How is Big Data changing the face of Biotech/Pharma?

Need of Big Data in Pharmaceuticals?

Big data has proven to be extremely advantageous in the healthcare and pharmaceutical domains. Right from drug discovery to marketing, healthcare is largely dependent on big data not only to identify valuable resources but also to integrate it into their foundation. This decreases the time taken to consolidate datasets from various sources while increasing accuracy in the field of pharmaceutical research and development. From a business perspective, big data enables more informed decision-making with which companies can develop efficient medication with negligible side effects in the long run. Biotechnology: medicinal or pharmaceutical is based on a dynamic system that is constantly undergoing change. Each aspect of biology starting from molecular to cellular to anatomical to medical contains big amount quantitative data. To examine, analyze and utilize such data, one requires computational interference. Biotechnologists need to actively employ programing tools to carry out their research, generate and update drug repositories to improve medication and health holistically.

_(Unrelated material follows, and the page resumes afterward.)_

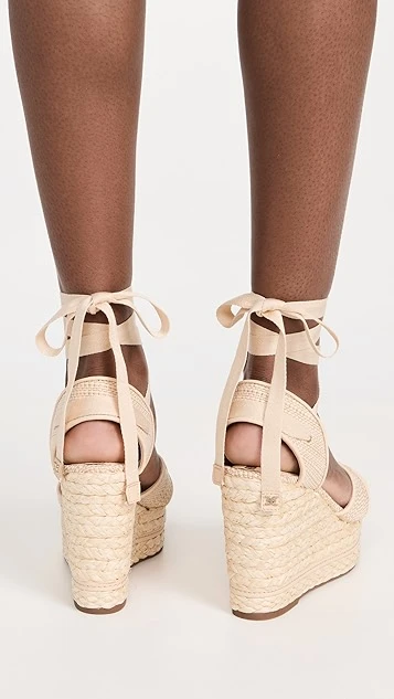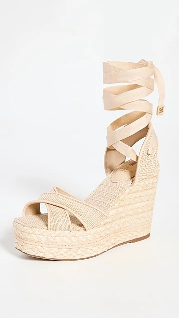 Providing a significant boost in terms of charm as well as height, these Sam Edelman wedge espadrilles are crafted from woven raffia and outfitted with a grosgrain ankle wrap.
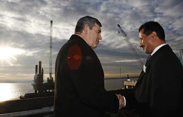 Britain's Prime Minister Gordon Brown shakes hands with DP World chairman Sultan Ahmed Bin Sulayem during a visit to the DP World London Gateway port construction site at Standford-le-Hope near Thurrock in south-east England. (AFP)

Universities across the globe

USA

Why USA?

Data Science one of the hottest markets in context of analytics. Biotech-Pharma is no exception when having to realize the power of big data. Various factors contribute to the choice of USA when it comes to pursuing a Masters in Data Science:

  • High rate of job satisfaction.
  • Increasing job opportunities for data scientists.
  • Salary compensation with years of experience.
  • Possibility of remote working.
  • The language of communication and education is English.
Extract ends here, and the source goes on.